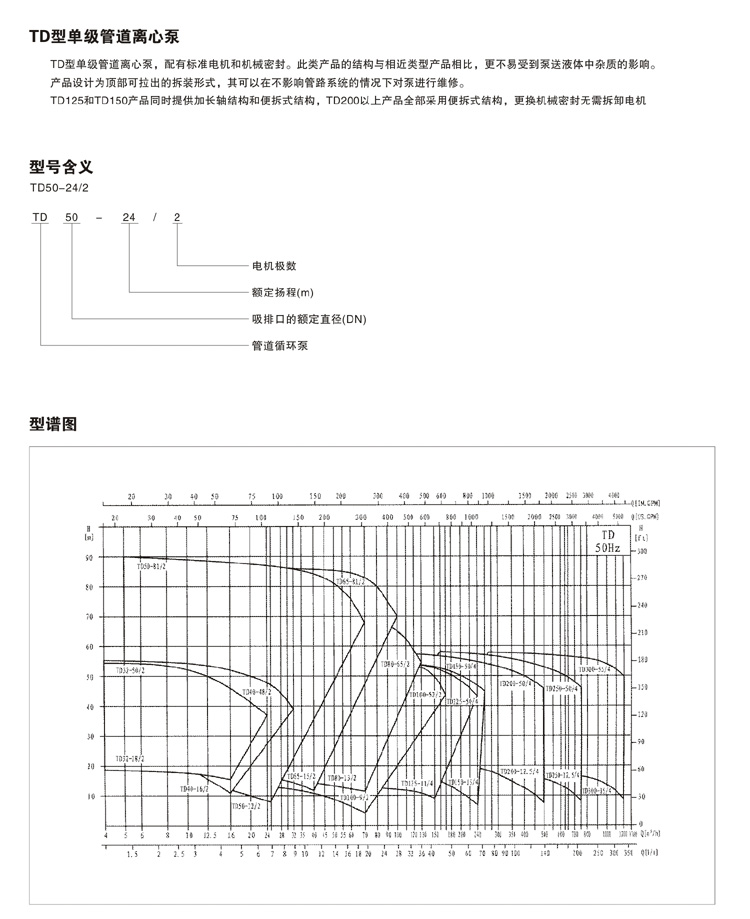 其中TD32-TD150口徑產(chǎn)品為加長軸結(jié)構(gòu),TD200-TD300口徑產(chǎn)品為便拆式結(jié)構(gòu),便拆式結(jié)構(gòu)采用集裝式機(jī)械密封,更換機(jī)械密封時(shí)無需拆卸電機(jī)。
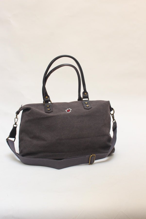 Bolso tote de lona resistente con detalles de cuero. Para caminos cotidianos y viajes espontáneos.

___

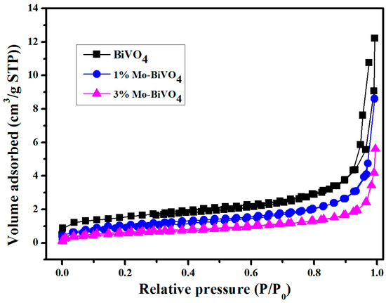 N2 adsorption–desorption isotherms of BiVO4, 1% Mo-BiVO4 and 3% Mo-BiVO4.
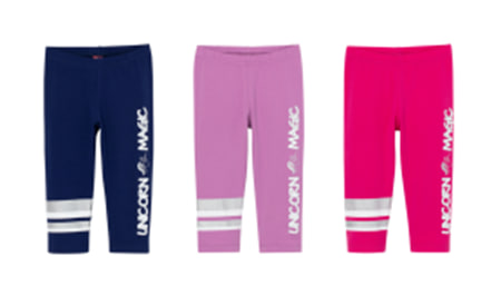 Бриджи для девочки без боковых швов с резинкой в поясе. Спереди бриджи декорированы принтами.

___

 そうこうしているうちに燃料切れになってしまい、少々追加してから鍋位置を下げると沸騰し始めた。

___

→ Work to be completed
Although pictures appear among the entries, please set down only the lines from the one with "N2 adsorption–desorption isotherms" up to and including the one with "Бриджи для девочки", word for word.

→ Reply to the task
 N2 adsorption–desorption isotherms of BiVO4, 1% Mo-BiVO4 and 3% Mo-BiVO4.
 Бриджи для девочки без боковых швов с резинкой в поясе. Спереди бриджи декорированы принтами.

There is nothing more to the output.